On the night of December 16, 1773, a party of Bostonians boarded three British vessels and dumped over three hundred chests of tea into Boston Harbor. In addition to objecting to taxation without representation, the participants were also protesting the Tea Act of 1773, which forced them to pay a tax on top of the monopoly prices set by the East India Company and benefitting the family of the royal governor of Massachusetts. To commemorate the 250th anniversary of this harbinger of the Revolution, Benjamin Carp, professor of history at Brooklyn College, discusses the event by examining the actions of those who carried out the raid in the context of the global story of British interests in India, North America and the Caribbean.

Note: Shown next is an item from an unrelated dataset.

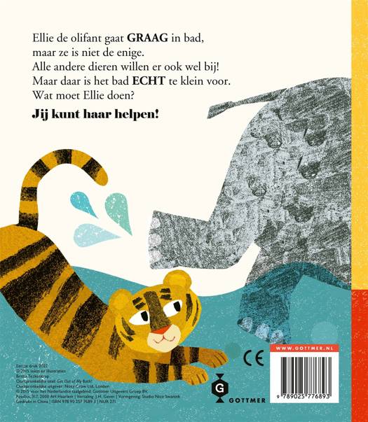 Ellie de olifant gaat graag in bad, maar ze is niet de enige! Als ze net lekker aan het spelen is, duiken er steeds meer dieren bij haar in bad: een krokodil, een flamingo, een muis en zelfs een tijger. Arme Ellie, nu heeft ze helemaal geen ruimte meer! Maar daar weet ze wel wat op. Die lange slurf heeft ze natuurlijk niet voor niks... Peuters en kleuters worden aangespoord om Ellie te helpen weer ruimte te maken door het boek te kantelen of te schudden, zodat het water over de bladzijden golft en klotst.
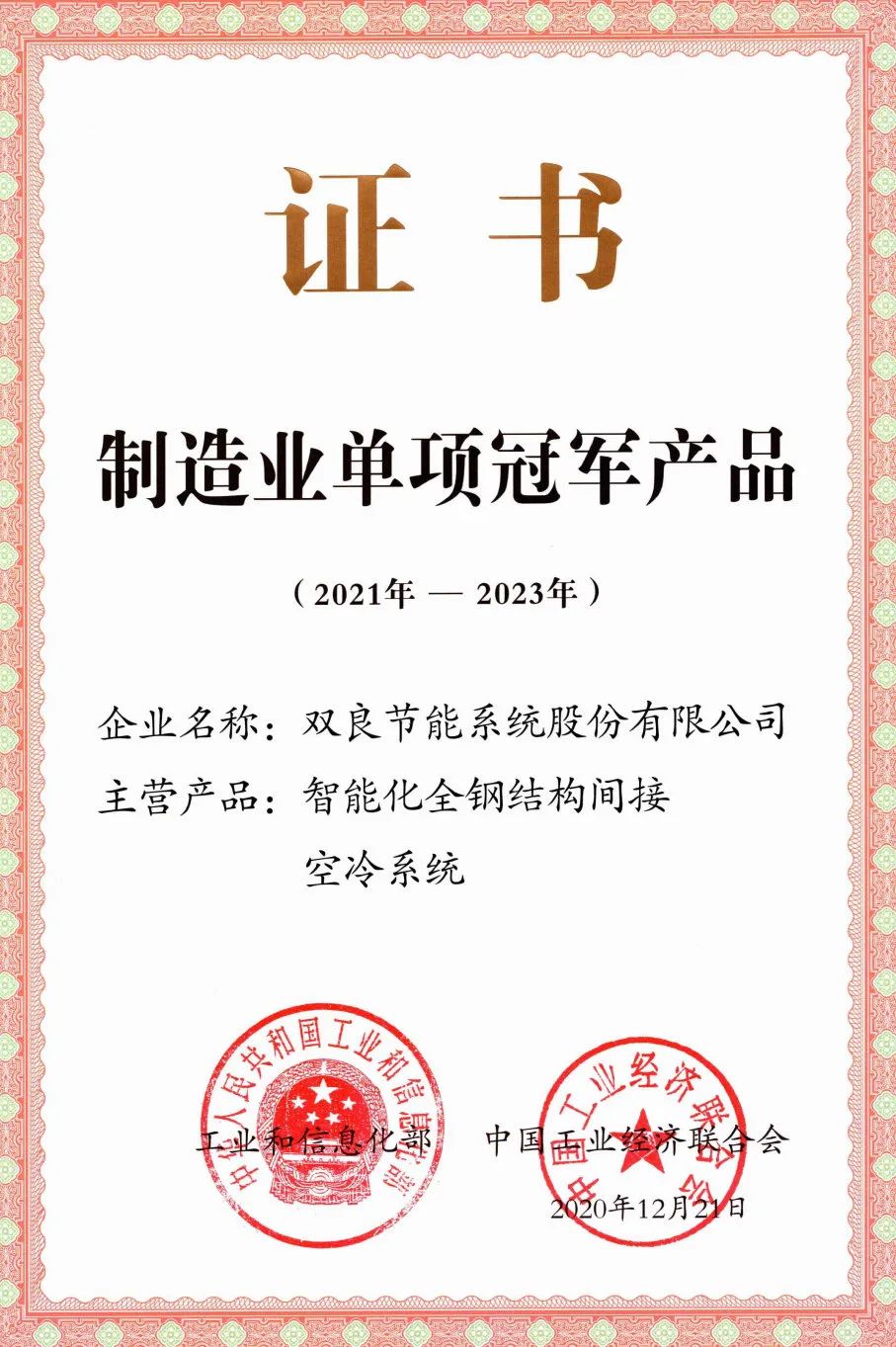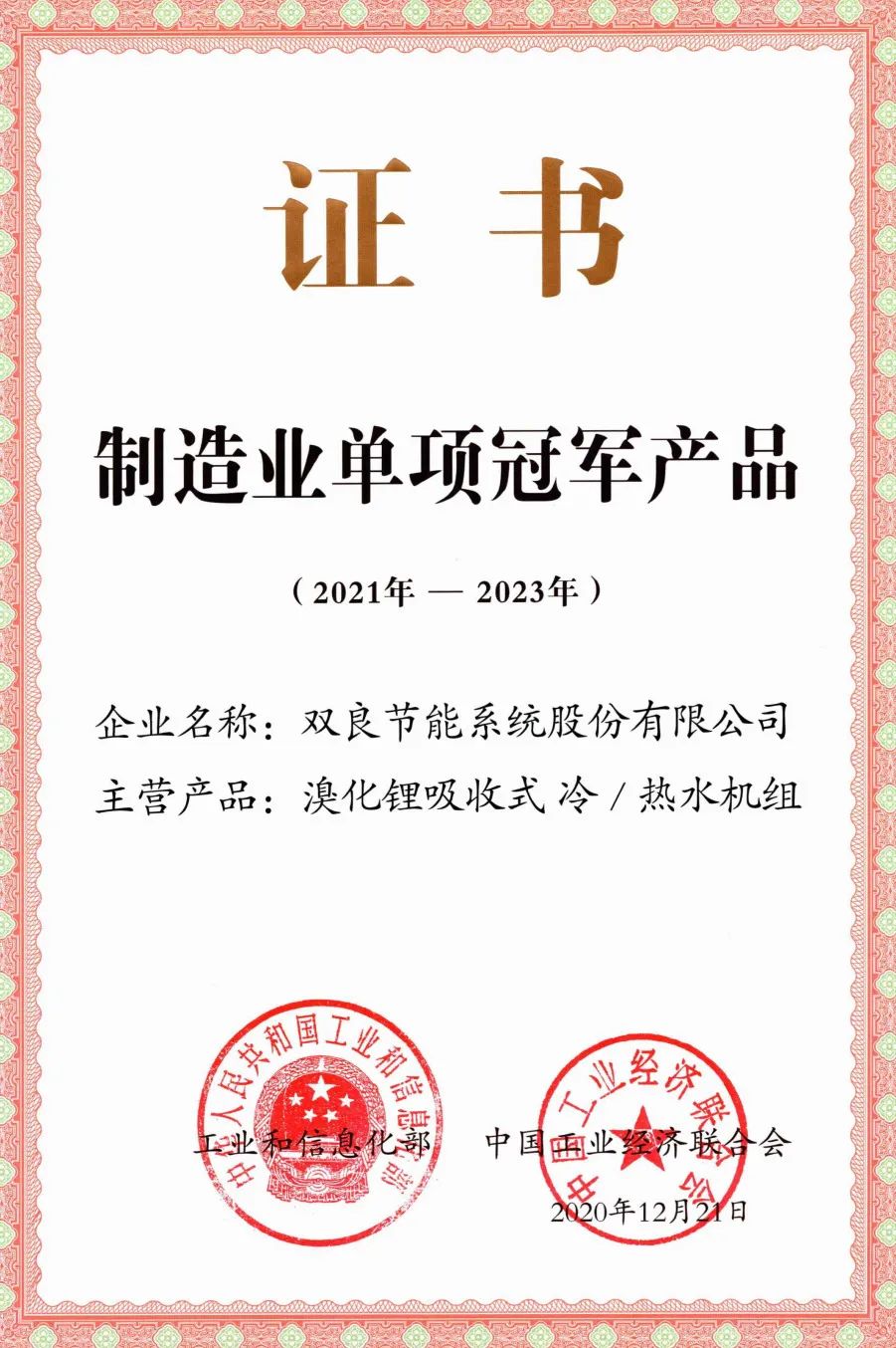 双良溴化锂吸收式冷/温水机组、智能化全钢结构间接空冷系统,荣获由工信部、中国工业经济联合会共同颁发的“中国制造业单项冠军产品”证书。

To attend virtually, click here.
About the Speaker
Benjamin L. Carp is the Daniel M. Lyons Chair in American History at Brooklyn College and an affiliate for the history program of the Graduate Center of the City University of New York. He earned his Ph.D. in history from the University of Virginia and specializes in the history of the American Revolution and the eighteenth century, particularly in the seaport cities of eastern North America. He is the author of several books and scholarly articles, including Defiance of the Patriots: The Boston Tea Party and the Making of America (Yale University Press, 2013) and The Great New York Fire of 1776: A Lost Story of the American Revolution (Yale University Press, 2023). Additionally, Dr. Carp contributed to the anthology Women Waging War in the American Revolution, edited by historian Holly Mayer, and has also written for wider audiences in BBC History, Colonial Williamsburg, the Wall Street Journal and the Washington Post. He has also appeared on podcasts such as The Alarmist, History Extra and Revolution 250, and on various radio and television outlets. For his book Defiance of the Patriots, Dr. Carp was awarded the 2013 Society of the Cincinnati Prize.